§ Dataset excerpts:
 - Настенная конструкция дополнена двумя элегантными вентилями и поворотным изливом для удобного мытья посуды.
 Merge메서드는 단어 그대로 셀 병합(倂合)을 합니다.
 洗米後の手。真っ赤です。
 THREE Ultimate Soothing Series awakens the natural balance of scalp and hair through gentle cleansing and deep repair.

==

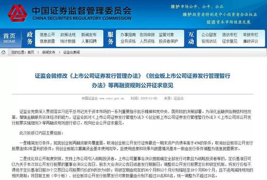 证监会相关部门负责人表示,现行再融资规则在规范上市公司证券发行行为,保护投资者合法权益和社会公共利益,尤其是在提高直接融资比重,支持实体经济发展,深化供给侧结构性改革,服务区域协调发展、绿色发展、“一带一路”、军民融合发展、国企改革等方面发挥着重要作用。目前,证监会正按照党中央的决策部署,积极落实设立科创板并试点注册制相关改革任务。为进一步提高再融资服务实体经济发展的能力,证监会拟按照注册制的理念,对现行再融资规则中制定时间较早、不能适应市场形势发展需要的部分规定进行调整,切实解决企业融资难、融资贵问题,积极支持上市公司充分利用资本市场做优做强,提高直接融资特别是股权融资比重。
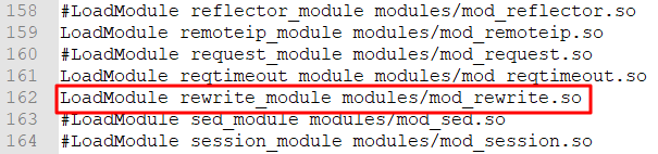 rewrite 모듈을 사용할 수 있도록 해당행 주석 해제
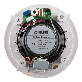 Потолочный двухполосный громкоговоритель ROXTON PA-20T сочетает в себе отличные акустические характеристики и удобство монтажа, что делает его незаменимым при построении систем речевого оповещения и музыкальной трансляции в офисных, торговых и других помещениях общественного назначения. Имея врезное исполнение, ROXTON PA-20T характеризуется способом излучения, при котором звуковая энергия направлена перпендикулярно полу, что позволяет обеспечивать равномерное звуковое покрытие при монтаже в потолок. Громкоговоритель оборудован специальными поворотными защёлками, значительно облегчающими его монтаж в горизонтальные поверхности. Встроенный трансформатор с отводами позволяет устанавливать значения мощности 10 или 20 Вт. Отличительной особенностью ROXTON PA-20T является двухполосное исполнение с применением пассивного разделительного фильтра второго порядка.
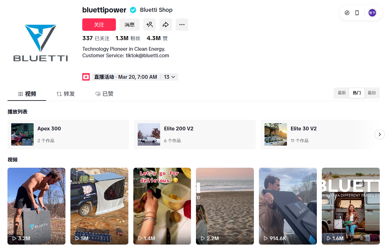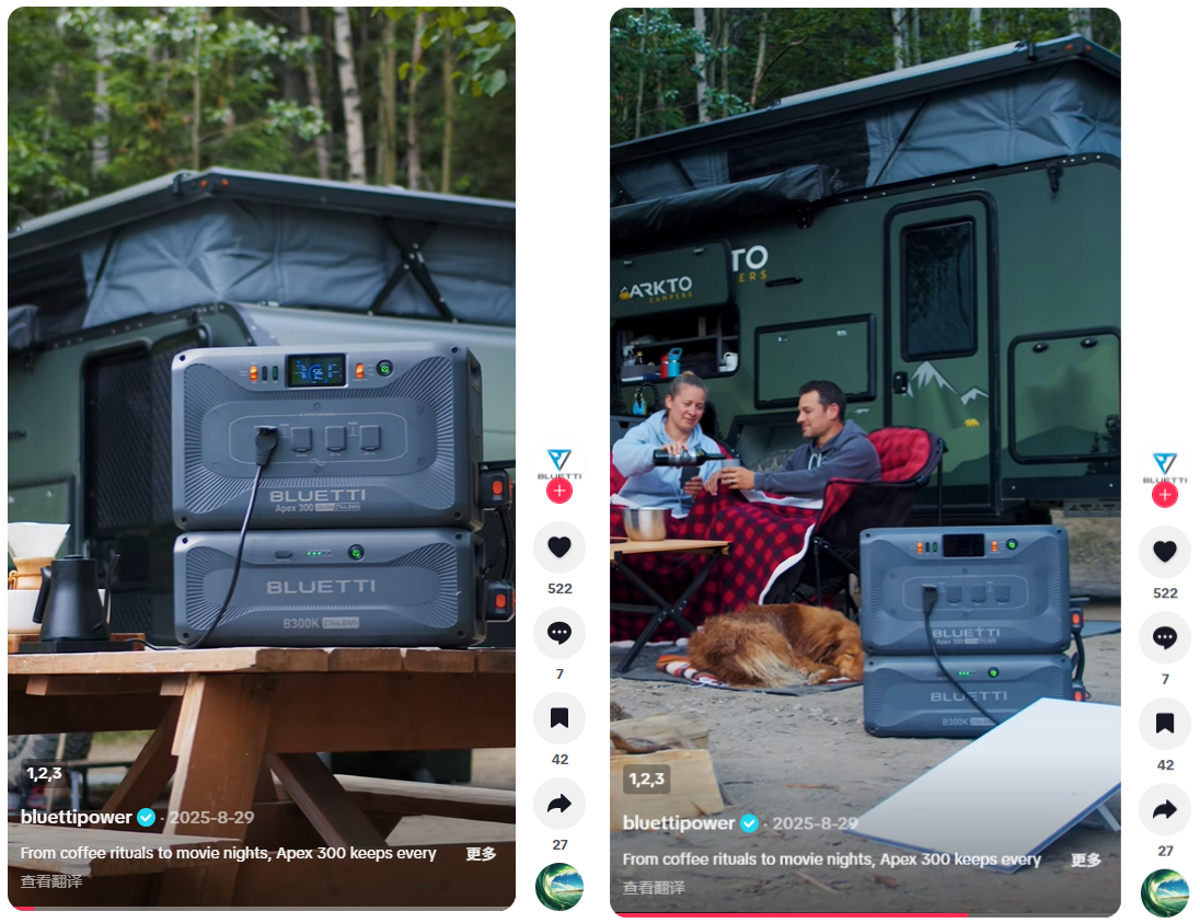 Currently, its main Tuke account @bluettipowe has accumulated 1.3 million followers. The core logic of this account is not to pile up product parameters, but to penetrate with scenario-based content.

§ Task requirements: Retype exactly the span of lines from the one with "- Настенная конструкция" through the one with "THREE Ultimate Soothing"; include both ends and omit the rest of the material.

§ Result of this exercise:
 - Настенная конструкция дополнена двумя элегантными вентилями и поворотным изливом для удобного мытья посуды.
 Merge메서드는 단어 그대로 셀 병합(倂合)을 합니다.
 洗米後の手。真っ赤です。
 THREE Ultimate Soothing Series awakens the natural balance of scalp and hair through gentle cleansing and deep repair.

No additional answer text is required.